— Task to carry out —
Every picture is to be removed, and all the data is to be copied exactly.

— Data extracts —
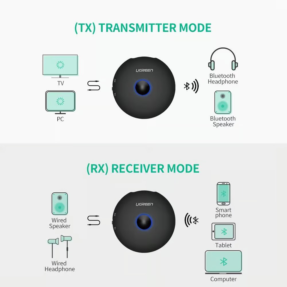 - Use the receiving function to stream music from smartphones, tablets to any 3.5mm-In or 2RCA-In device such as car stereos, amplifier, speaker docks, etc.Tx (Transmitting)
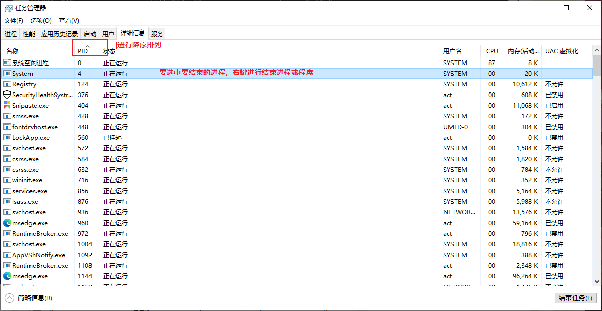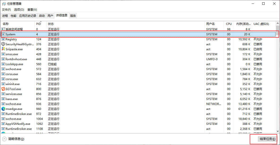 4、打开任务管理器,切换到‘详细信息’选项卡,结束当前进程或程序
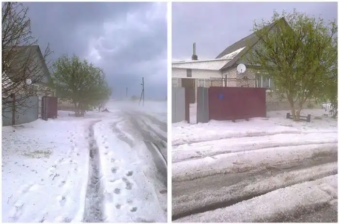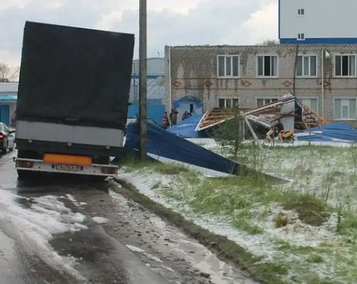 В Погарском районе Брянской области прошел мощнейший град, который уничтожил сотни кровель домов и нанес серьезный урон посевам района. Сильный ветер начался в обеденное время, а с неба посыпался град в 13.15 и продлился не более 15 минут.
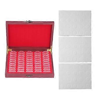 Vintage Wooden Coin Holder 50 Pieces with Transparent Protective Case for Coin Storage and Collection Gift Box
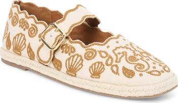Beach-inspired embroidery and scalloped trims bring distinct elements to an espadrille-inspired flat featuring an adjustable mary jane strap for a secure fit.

— Output for this exercise —
 - Use the receiving function to stream music from smartphones, tablets to any 3.5mm-In or 2RCA-In device such as car stereos, amplifier, speaker docks, etc.Tx (Transmitting)
 4、打开任务管理器,切换到‘详细信息’选项卡,结束当前进程或程序
 В Погарском районе Брянской области прошел мощнейший град, который уничтожил сотни кровель домов и нанес серьезный урон посевам района. Сильный ветер начался в обеденное время, а с неба посыпался град в 13.15 и продлился не более 15 минут.
 Vintage Wooden Coin Holder 50 Pieces with Transparent Protective Case for Coin Storage and Collection Gift Box
Beach-inspired embroidery and scalloped trims bring distinct elements to an espadrille-inspired flat featuring an adjustable mary jane strap for a secure fit.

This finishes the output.